_Task to carry out:_
Should the entries contain pictures, leave them out and return exactly the lines from the first through the line holding "后来又在5月10日再次重申,并透露了更具".

_Entries shown:_
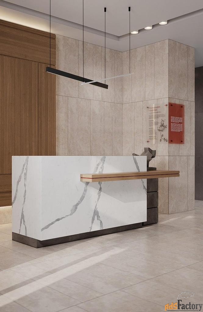 Фасад и инфраструктура: Фасад отделан стильной клинкерной плиткой с панорамным остеклением. Входная группа впечатляет лобби со вторым светом и круглосуточным консьерж-сервисом.
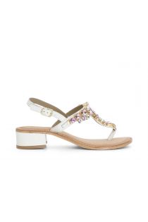Chanclas con accesorio joya de piel tacón h. 35 mm.
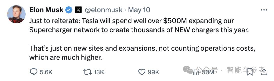 后来又在5月10日再次重申,并透露了更具体的计划,表示今年特斯拉会拿出5亿美元(折合人民币约为36.2亿元)扩展超充网络。
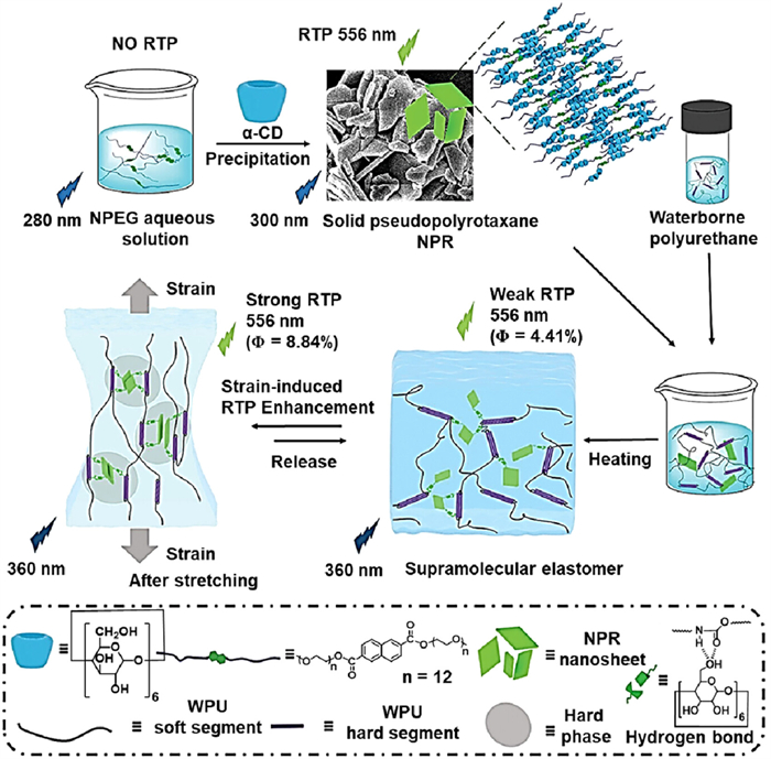 As an important signal in response to mechanical force, phosphorescence has the advantages of long luminescence lifetime, large Stokes shift, and involvement of triplet states [5]. Recently, Yong Chen, Yu Liu and co-workers from Nankai University synthesized a pseudopolyrotaxane (NPR) utilizing α-CD and naphthalene-derived polyethylene glycol (NPEG) (Fig. 1) [6]. The PEG chains, anchored at both ends of the naphthalene moiety, are threaded through the α-CD cavities, thereby forming the NPR. By combining NPR with waterborne polyurethane (WPU), they prepared supramolecular elastomers exhibiting reversible mechanically responsive room temperature phosphorescence (RTP) enhancement during the mechanical stretching process. The incorporation of CDs containing abundant hydroxyl groups not only facilitates the attainment of prolonged phosphorescence emission via the macrocyclic confinement effect but also augments mechanical properties through the establishment of hydrogen bonds with WPU chains. The resultant elastomer exhibits robust RTP characteristics, maintaining emission stability in aqueous solutions and diverse chemical environments. Notably, under a 200% strain, the phosphorescence intensity increases threefold owing to the further suppression of non-radiative transitions and NPR vibrations. Lastly, the developed RTP elastomer finds applications in information security and encryption.
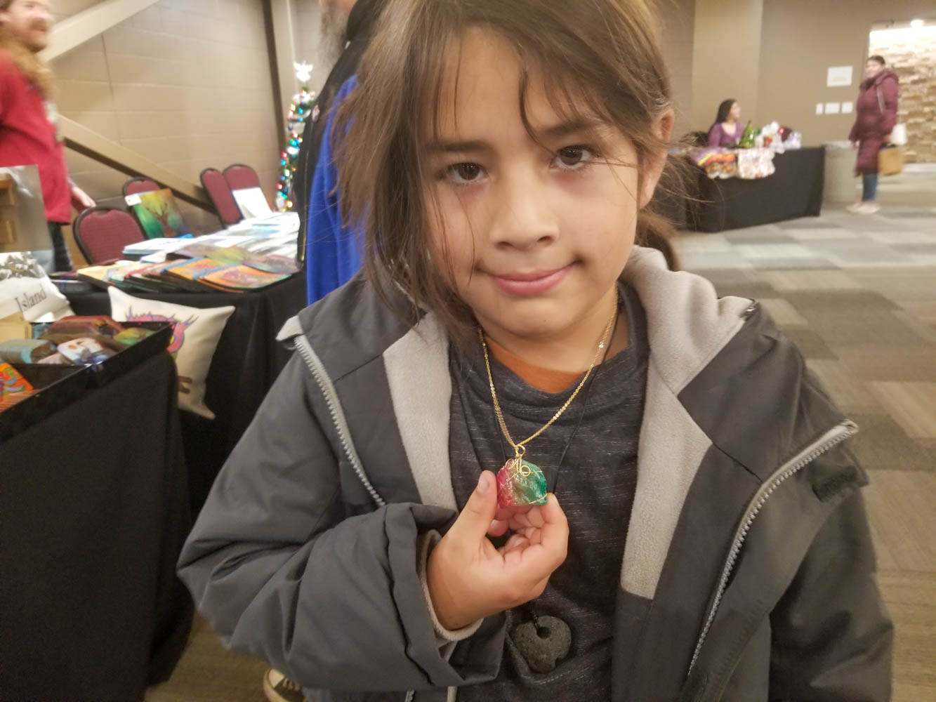 Gryffon sports a new pendant purchased at the Manitoulin Hotel and Conference Centre Christmas market held over the weekend.
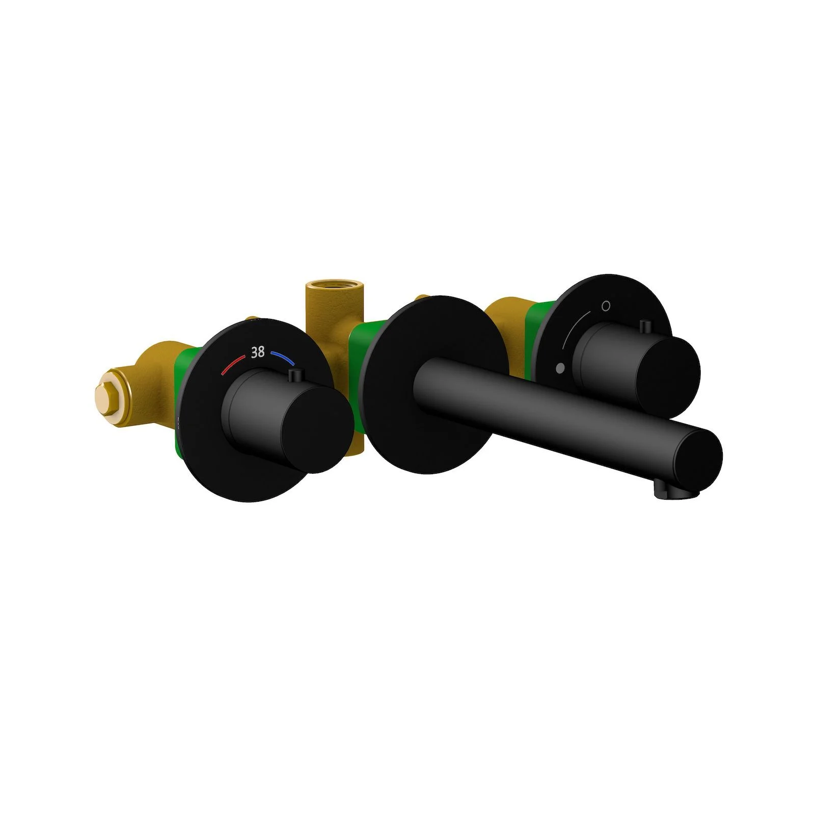 Смеситель для раковины настенный с термостатом Timo Saona 2382/03SM (со скрытой частью) чёрный матовый
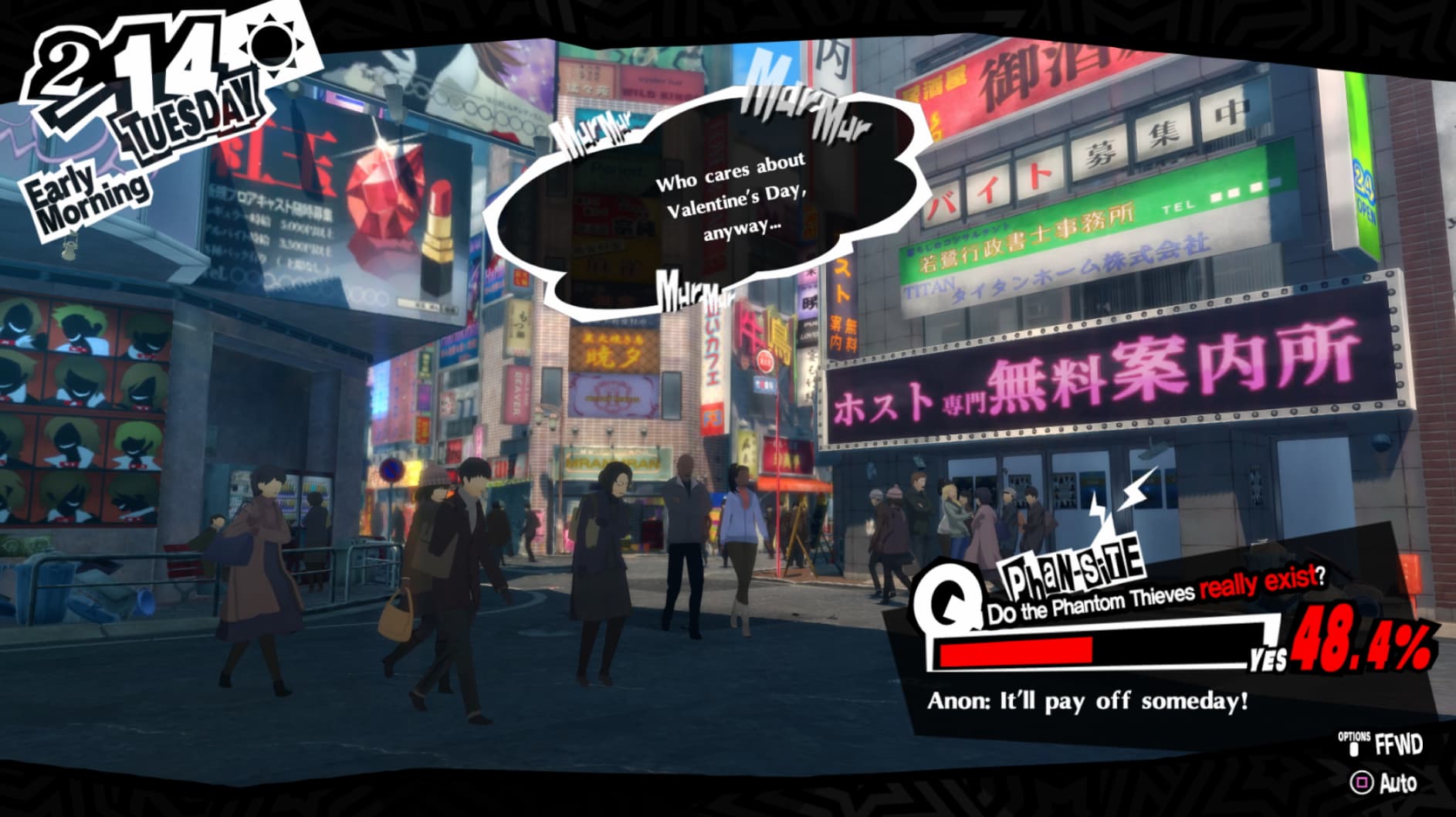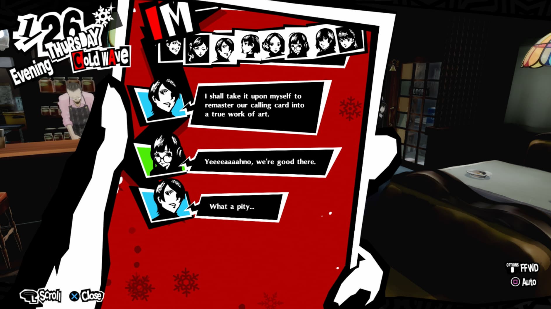 : I have no idea who the fuck Daiki Ito is. The wiki doesn’t mention him as having worked on any other games - just P5 Royal. The other writer is Shinji Yamamoto, whose only other credit is SMT IV.
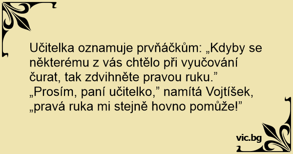 „Prosím, paní učitelko,” namítá Vojtíšek, „pravá ruka mi stejně hovno pomůže!”
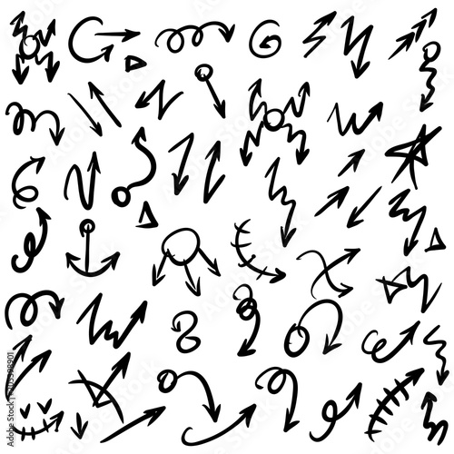 Arrow doodles vector. A set of simple sketches of arrows. Up, down, left, right ones. The effect of a pencil sketch isolated on white background. Vector eps 10.
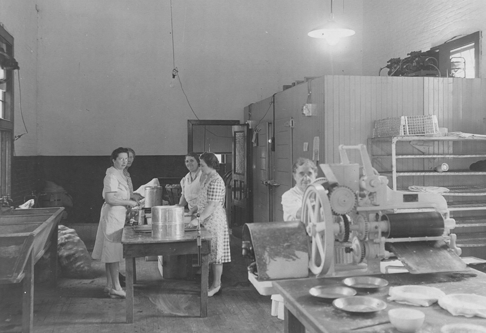 Several women prepare meals in the Mess hall kitchen for the 32nd Army Air Corps cadets in 1944.
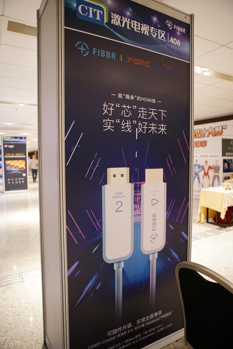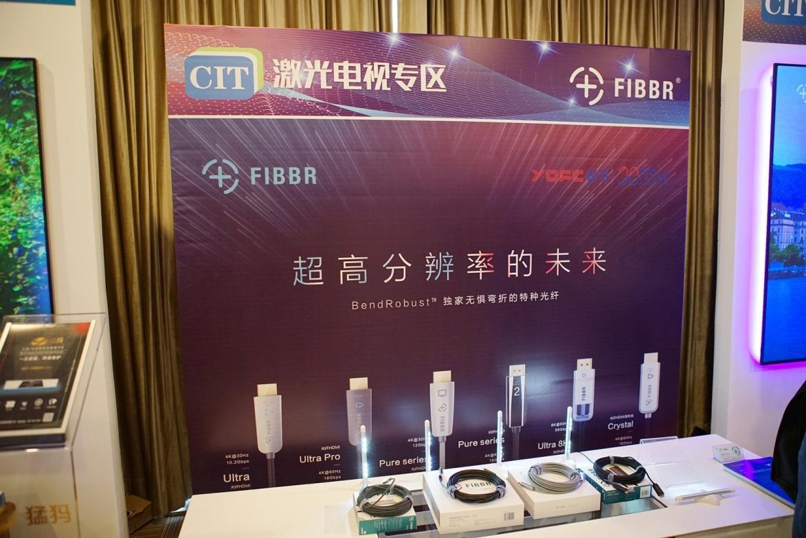 在展会的406房间的激光电视专区。国内外大牌10台主流品牌的激光电视一字排开,均使用FIBBR HDMI光纤线进行画面对比,成为激光电视画面对比活动的标准指定线材。
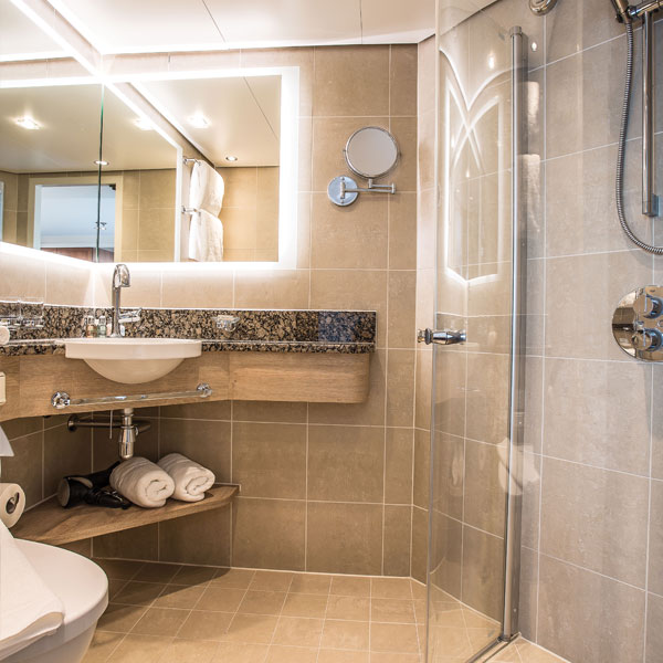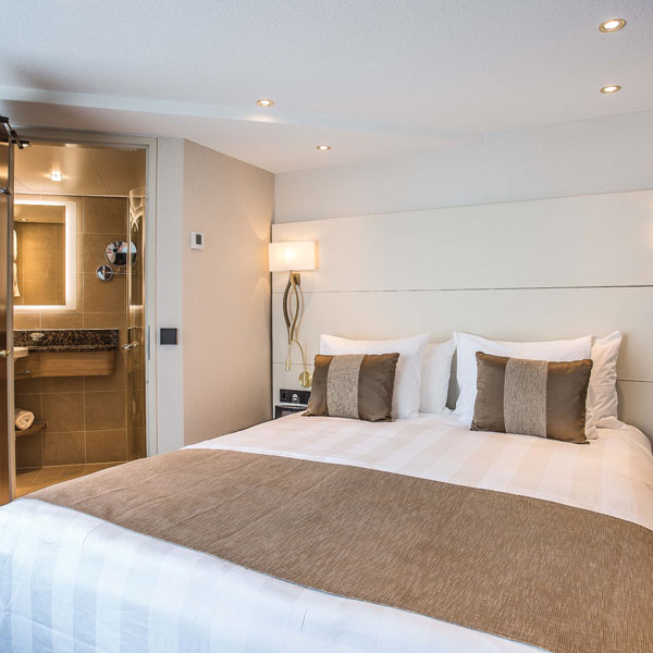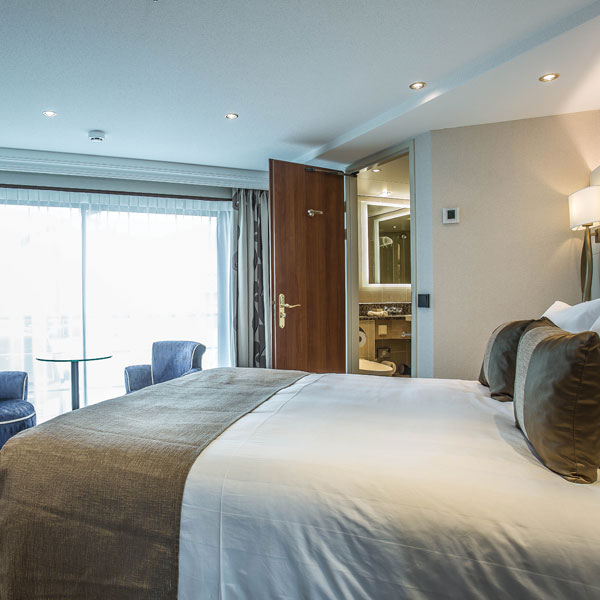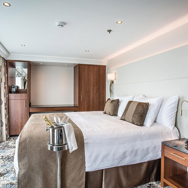 One of the 361-foot (110-meter) riverboats in Tauck's Destination Fleet, this newly redesigned riverboat debuts in 2017 with a new deck plan optimised for the utmost in spaciousness – with 70% of her cabins measuring 225 square feet or larger – and accommodating no more than 98 guests, while similar-sized riverboats average about 160. Guest amenities inside her 14 lush 300-square-foot Tauck Suites include brocade upholstery, roomy walk-in closets with built-in drawers, spacious bathrooms with separate showers, and two French balconies with floor-to-ceiling windows that open to idyllic riverscapes. She also sports twenty roomy 225-square-foot cabins, four 183-square-foot cabins and one 182 square-foot cabin, similarly furnished. Eight 150-square-foot cabins are cozy and comfortable, and are similar in décor and style to our larger suites. 85% have floor-to-ceiling windows with real French balconies that open on to a balcony in the fresh air; all have in-room movies, minibar, adjustable heating and cooling, private bathroom and shower with pampering toiletries. In addition to our main dining room, The Compass Rose, the ship also features Arthur's, a second dining venue offering casual fare.
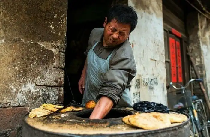 Уличный булочник в провинции Цзяньсу. Автор - Чжу Цзинги
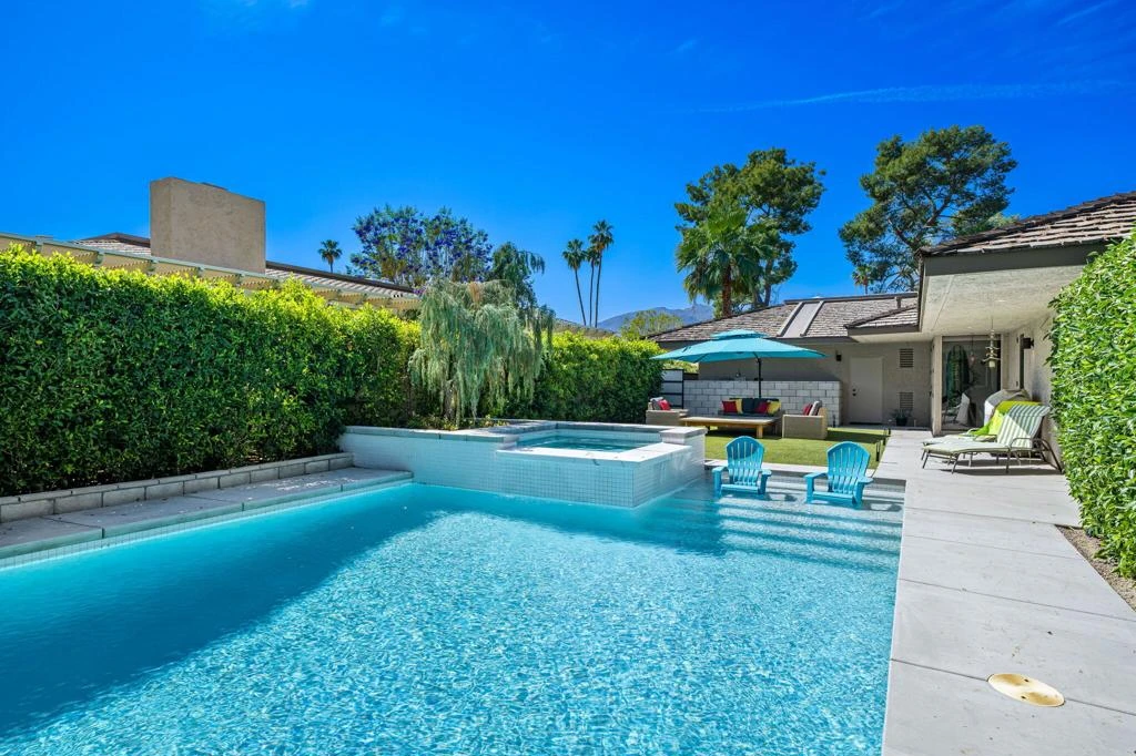 Welcome to 78 Columbia, a stunningly reimagined Pebble Beach floor plan nestled within the prestigious Springs Country Club, where luxury living meets resort-style amenities. This rare offering perfectly blends indoor elegance with exceptional outdoor living.Recent system upgrades (2025) provide peace of mind, comfort, and efficiency, including: HVAC Zone 1 new, two new furnaces, and two brand-new tankless water heaters.Enjoy effortless entertaining with expansive patio spaces, a private saltwater pool and spa, and breathtaking golf course views. The spacious lot offers a unique configuration with a private pool thoughtfully positioned to the side within a beautifully landscaped courtyard, creating a serene and secluded retreat.Inside, sophistication meets comfort. The living area features newly installed window treatments and a 60'' linear gas fireplace, and stunning vistas of the fairways. Two of the four bedrooms are currently utilized as private offices, offering flexible living options. From the sleek 12''x60'' porcelain tile flooring to the new recessed lighting every detail has been thoughtfully curated from floor to ceiling. The kitchen has been completely reimagined with a waterfall-edge breakfast bar, modern cabinetry, and newer appliances. The former dining room now serves as a flexible bonus space, perfect for a cozy den, reading nook, or lounge. Each of the four bathrooms has been fully remodeled, featuring floating vanities and sleek, linear finishes that elevate the home's contemporary design.Sustainability meets style with owned solar panels, enhancing energy efficiency without compromising comfort.Located just steps from the community's amenities which include pickleball and tennis courts, a fitness center, clubhouse, and cafe. 78 Columbia isn't just a home, it's a lifestyle.
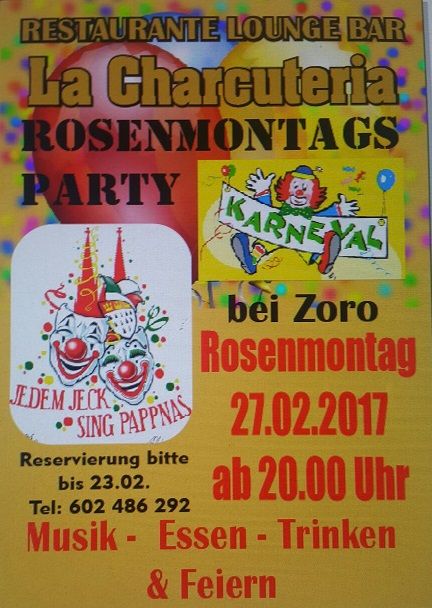 Wer möchte kann hier am Rosenmontag Karneval feieren da gibt es in de Carcuteria

_Solution below:_
 Фасад и инфраструктура: Фасад отделан стильной клинкерной плиткой с панорамным остеклением. Входная группа впечатляет лобби со вторым светом и круглосуточным консьерж-сервисом.
Chanclas con accesorio joya de piel tacón h. 35 mm.
 后来又在5月10日再次重申,并透露了更具体的计划,表示今年特斯拉会拿出5亿美元(折合人民币约为36.2亿元)扩展超充网络。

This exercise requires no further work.